Taking only the lines of the data below from the line with "jį visai neminėti." to the line with "Czerwone Jagody ze", ends included, write them out exactly and without pictures.

Segment Start: INFORMATION

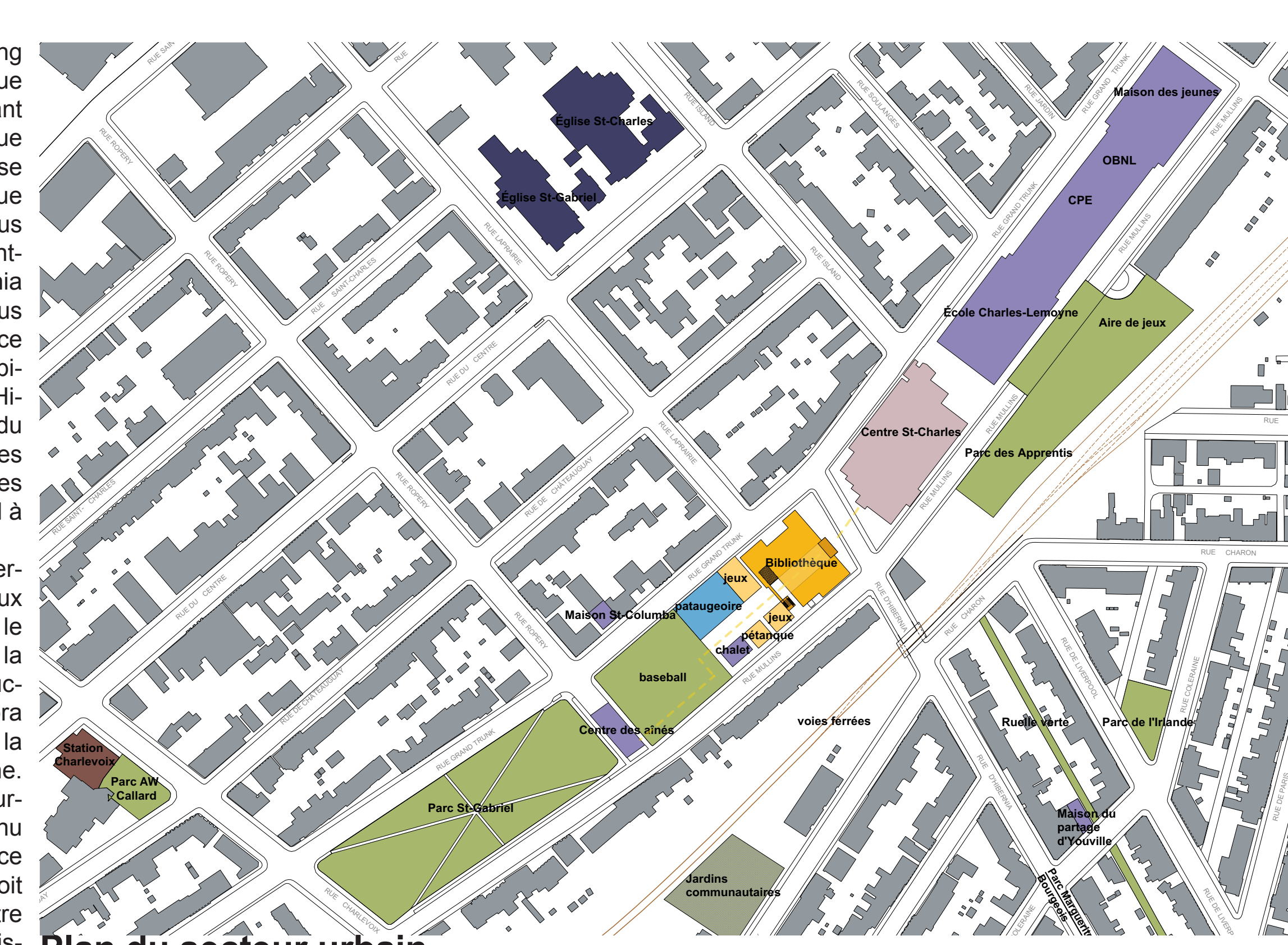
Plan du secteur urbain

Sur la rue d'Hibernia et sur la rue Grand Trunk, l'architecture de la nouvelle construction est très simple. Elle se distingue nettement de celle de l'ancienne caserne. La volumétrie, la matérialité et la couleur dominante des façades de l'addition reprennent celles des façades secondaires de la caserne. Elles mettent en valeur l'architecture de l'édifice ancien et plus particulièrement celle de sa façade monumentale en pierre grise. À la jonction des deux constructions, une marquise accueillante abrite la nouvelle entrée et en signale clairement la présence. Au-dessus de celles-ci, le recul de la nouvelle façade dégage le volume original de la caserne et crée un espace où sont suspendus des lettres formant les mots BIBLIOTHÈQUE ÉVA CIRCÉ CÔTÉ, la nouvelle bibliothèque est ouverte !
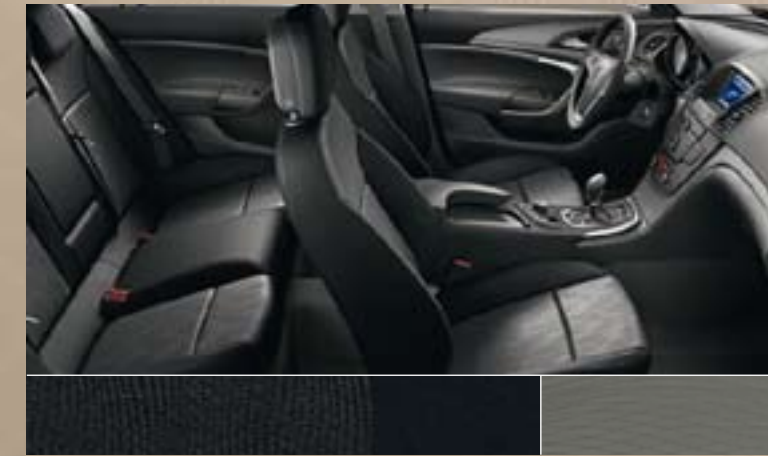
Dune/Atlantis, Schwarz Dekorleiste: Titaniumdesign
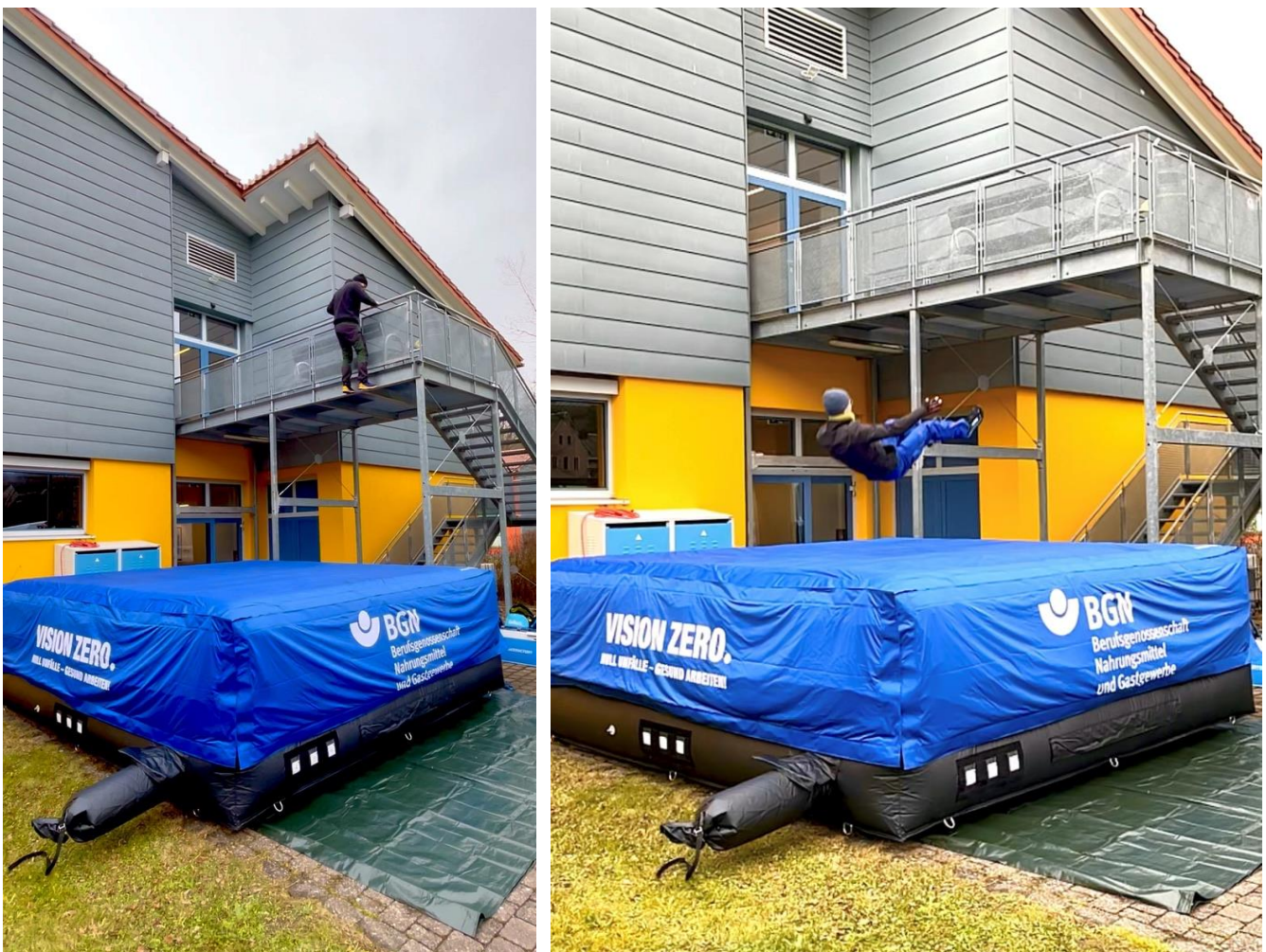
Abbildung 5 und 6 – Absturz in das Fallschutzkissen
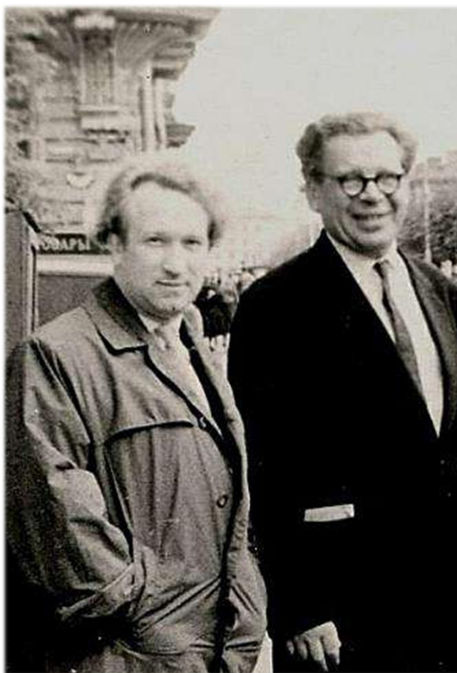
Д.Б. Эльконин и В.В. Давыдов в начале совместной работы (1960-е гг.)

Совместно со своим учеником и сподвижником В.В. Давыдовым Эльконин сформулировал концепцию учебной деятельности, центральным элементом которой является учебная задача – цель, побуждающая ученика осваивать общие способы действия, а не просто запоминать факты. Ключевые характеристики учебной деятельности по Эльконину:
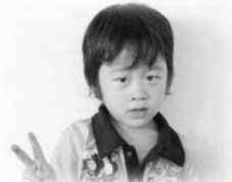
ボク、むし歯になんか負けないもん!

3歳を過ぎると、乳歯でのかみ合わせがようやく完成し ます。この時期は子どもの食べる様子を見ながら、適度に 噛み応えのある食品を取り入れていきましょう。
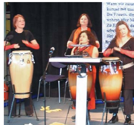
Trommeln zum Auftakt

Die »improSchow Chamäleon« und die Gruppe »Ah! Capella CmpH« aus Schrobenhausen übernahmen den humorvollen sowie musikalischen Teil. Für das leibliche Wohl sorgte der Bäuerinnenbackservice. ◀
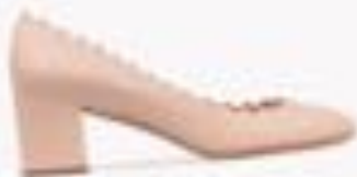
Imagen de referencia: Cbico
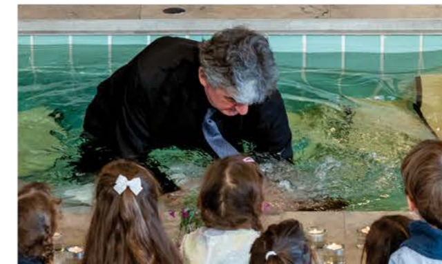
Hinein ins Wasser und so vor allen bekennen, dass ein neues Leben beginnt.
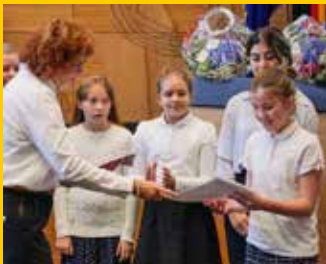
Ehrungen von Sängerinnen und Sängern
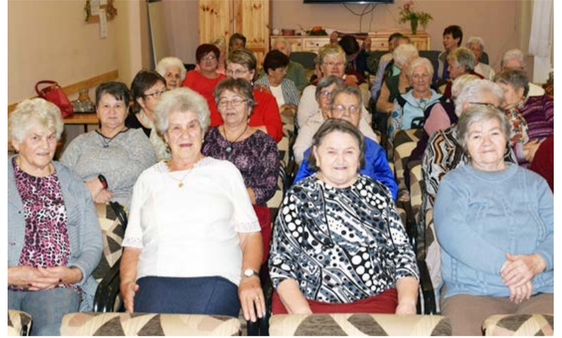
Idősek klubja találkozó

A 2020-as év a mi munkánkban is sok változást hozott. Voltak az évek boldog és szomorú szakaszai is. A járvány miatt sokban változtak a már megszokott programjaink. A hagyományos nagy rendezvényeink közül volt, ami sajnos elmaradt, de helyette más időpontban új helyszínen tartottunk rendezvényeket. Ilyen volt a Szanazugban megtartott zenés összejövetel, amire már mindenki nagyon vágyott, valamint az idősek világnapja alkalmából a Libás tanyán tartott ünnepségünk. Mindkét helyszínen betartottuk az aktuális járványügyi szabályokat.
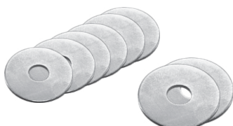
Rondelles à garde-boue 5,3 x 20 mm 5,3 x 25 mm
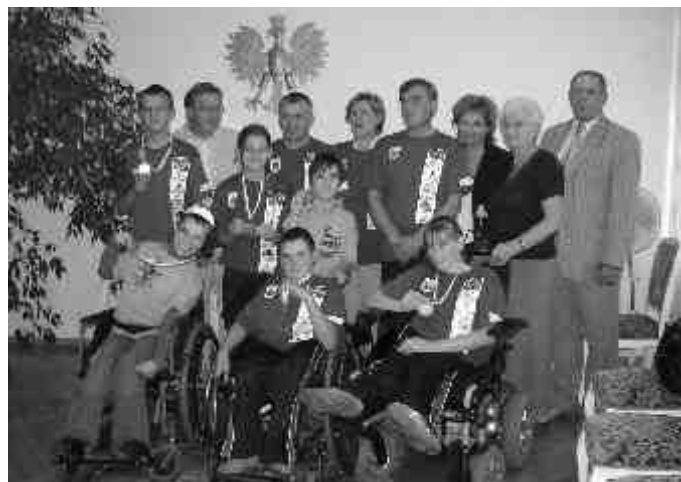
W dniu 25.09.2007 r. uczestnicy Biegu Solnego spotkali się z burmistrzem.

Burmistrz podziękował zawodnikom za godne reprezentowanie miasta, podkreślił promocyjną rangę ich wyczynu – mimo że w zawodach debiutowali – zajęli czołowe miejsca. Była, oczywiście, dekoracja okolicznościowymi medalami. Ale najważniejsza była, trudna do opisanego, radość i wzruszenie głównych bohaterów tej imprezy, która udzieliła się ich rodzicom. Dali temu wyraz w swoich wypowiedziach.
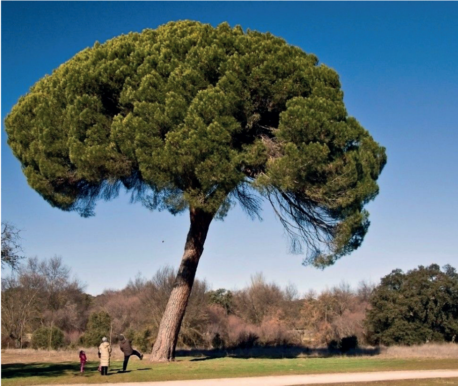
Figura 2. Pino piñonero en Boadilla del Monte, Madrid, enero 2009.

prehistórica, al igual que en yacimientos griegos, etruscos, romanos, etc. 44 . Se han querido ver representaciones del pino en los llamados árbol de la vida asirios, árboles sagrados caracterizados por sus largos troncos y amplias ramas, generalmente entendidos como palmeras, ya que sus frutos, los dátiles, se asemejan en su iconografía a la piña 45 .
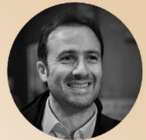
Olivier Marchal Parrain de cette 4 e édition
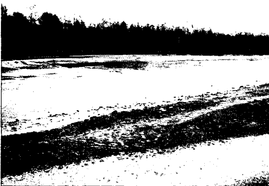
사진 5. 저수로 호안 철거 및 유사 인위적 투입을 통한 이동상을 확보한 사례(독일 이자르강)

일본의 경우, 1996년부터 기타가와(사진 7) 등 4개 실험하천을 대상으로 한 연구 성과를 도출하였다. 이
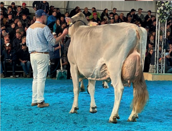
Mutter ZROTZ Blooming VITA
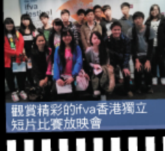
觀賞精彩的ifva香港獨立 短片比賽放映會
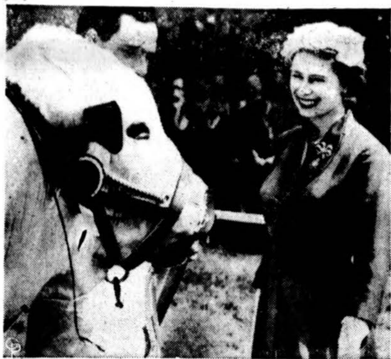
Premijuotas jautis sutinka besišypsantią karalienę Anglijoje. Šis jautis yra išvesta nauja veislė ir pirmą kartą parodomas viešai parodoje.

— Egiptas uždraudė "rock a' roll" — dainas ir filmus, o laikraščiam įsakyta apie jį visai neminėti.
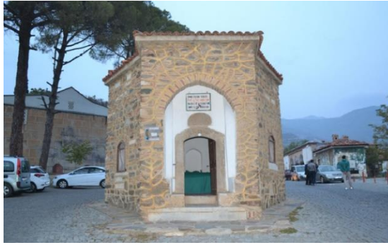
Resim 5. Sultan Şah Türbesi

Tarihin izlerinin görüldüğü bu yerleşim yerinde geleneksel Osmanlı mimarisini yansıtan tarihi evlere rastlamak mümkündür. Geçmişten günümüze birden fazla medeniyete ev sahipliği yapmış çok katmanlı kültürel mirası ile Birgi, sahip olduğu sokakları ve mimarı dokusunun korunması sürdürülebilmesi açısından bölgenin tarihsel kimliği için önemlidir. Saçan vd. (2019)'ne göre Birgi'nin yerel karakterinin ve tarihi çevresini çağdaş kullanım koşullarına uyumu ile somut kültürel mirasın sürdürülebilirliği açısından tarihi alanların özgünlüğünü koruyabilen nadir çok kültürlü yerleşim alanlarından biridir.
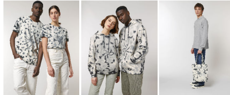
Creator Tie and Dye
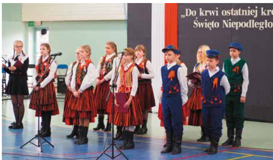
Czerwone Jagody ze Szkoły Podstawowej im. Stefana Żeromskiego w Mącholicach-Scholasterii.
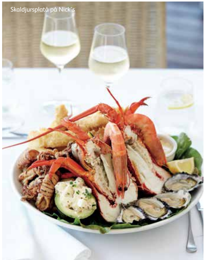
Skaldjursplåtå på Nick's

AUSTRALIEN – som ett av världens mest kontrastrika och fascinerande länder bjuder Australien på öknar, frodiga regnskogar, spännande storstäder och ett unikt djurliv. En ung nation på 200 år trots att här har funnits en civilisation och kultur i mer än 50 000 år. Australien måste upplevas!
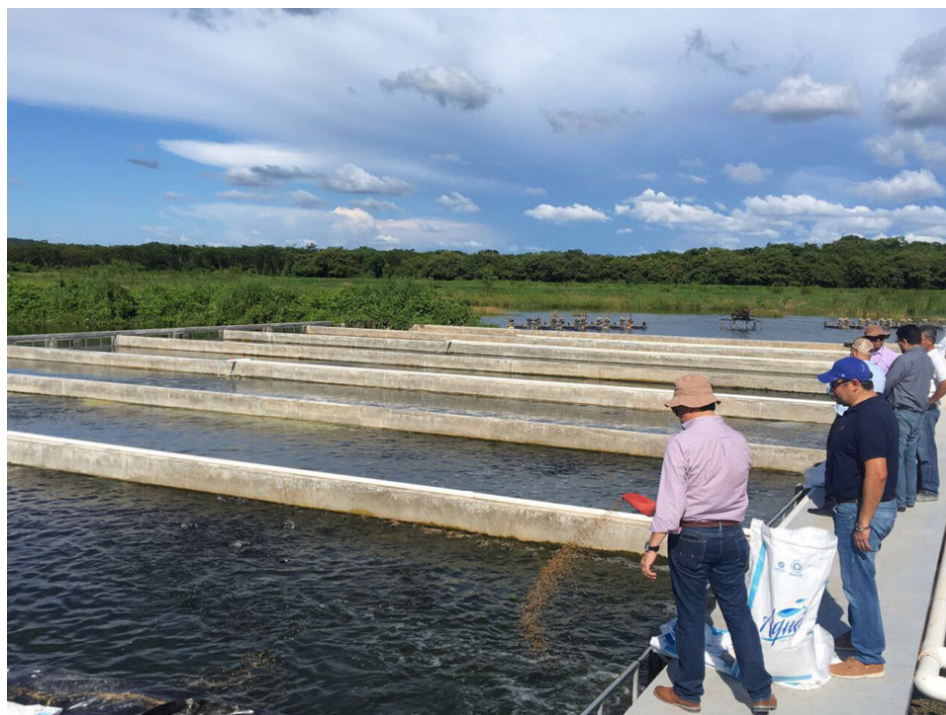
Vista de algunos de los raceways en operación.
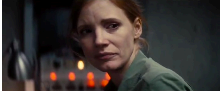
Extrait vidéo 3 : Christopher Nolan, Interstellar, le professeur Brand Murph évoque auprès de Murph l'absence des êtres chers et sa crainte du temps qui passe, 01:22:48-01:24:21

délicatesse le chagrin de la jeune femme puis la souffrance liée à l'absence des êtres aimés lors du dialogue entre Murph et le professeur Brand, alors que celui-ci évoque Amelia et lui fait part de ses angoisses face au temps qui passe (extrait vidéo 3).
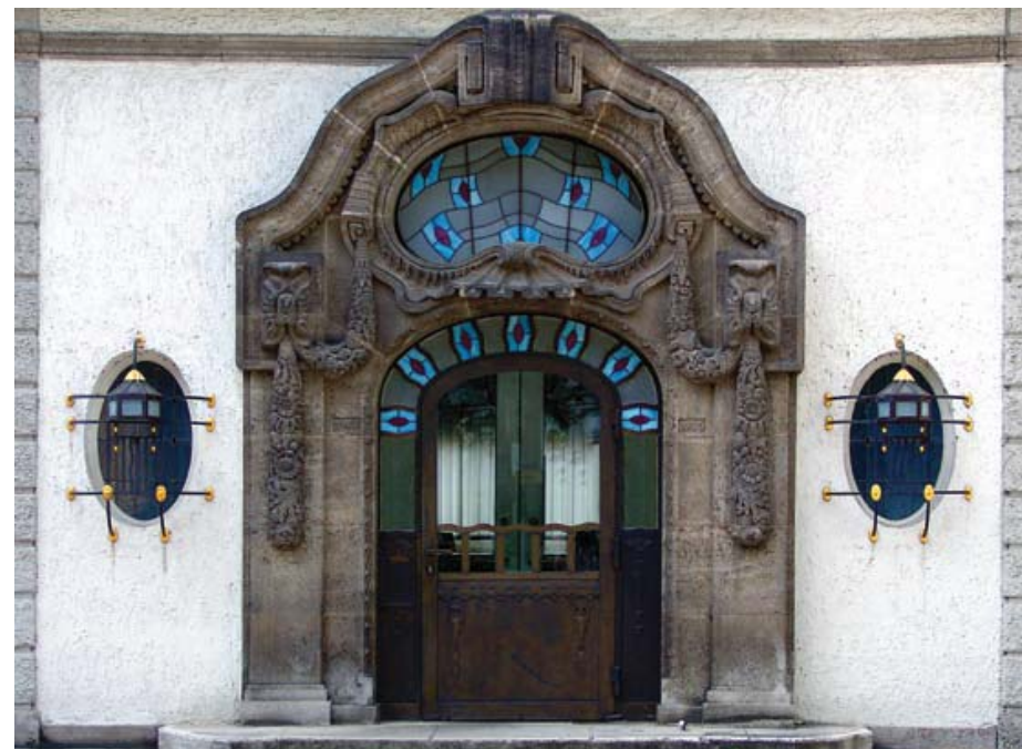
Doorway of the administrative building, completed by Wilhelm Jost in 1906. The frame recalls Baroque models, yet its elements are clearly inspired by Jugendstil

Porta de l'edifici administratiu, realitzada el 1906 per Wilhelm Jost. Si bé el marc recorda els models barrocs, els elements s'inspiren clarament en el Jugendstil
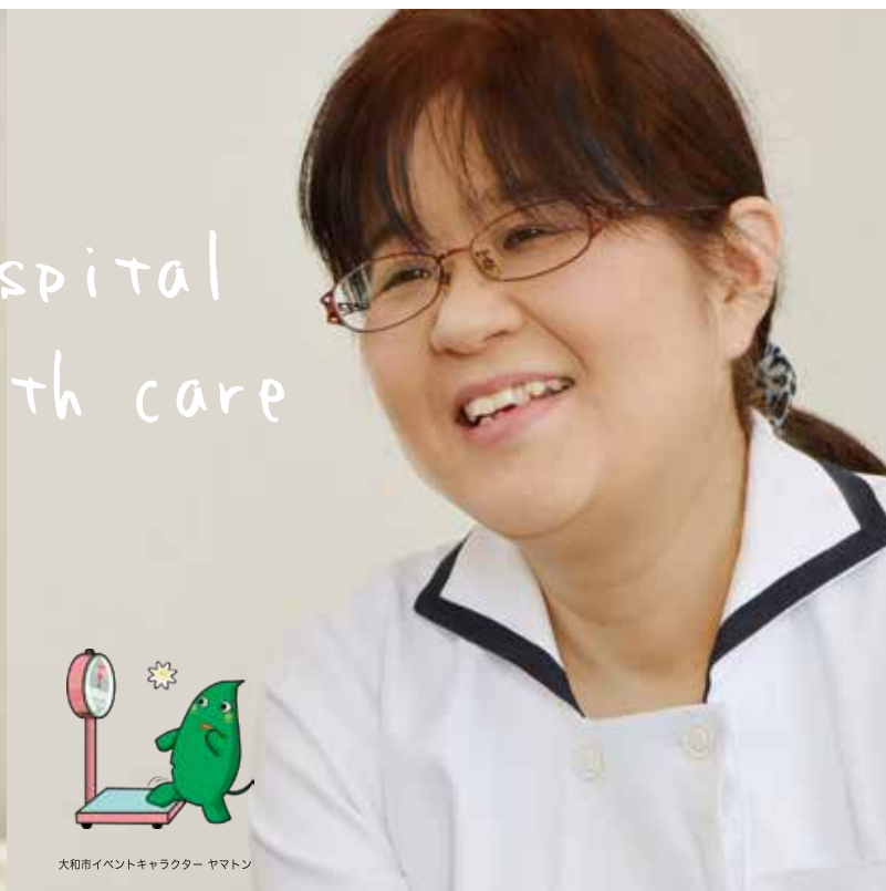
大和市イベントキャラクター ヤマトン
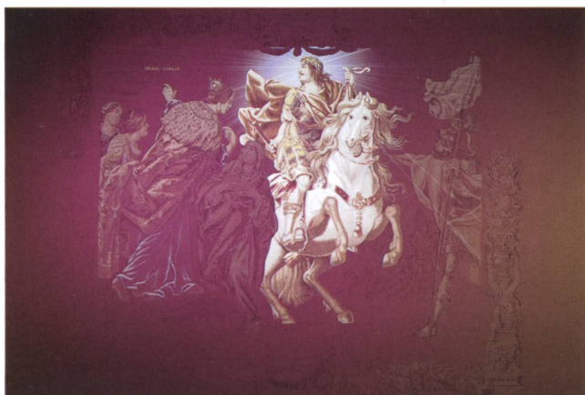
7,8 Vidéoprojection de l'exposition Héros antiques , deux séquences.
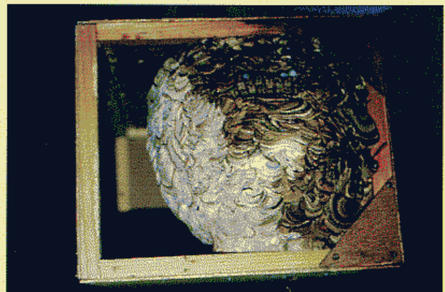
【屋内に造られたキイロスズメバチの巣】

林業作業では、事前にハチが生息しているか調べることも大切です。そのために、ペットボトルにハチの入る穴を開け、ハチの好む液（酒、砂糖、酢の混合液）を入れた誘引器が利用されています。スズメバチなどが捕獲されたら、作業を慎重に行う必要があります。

Segment End: INFORMATION

YOUR SOLUTION:
— Egiptas uždraudė "rock a' roll" — dainas ir filmus, o laikraščiam įsakyta apie jį visai neminėti.
Resim 5. Sultan Şah Türbesi

Tarihin izlerinin görüldüğü bu yerleşim yerinde geleneksel Osmanlı mimarisini yansıtan tarihi evlere rastlamak mümkündür. Geçmişten günümüze birden fazla medeniyete ev sahipliği yapmış çok katmanlı kültürel mirası ile Birgi, sahip olduğu sokakları ve mimarı dokusunun korunması sürdürülebilmesi açısından bölgenin tarihsel kimliği için önemlidir. Saçan vd. (2019)'ne göre Birgi'nin yerel karakterinin ve tarihi çevresini çağdaş kullanım koşullarına uyumu ile somut kültürel mirasın sürdürülebilirliği açısından tarihi alanların özgünlüğünü koruyabilen nadir çok kültürlü yerleşim alanlarından biridir.
Creator Tie and Dye
Czerwone Jagody ze Szkoły Podstawowej im. Stefana Żeromskiego w Mącholicach-Scholasterii.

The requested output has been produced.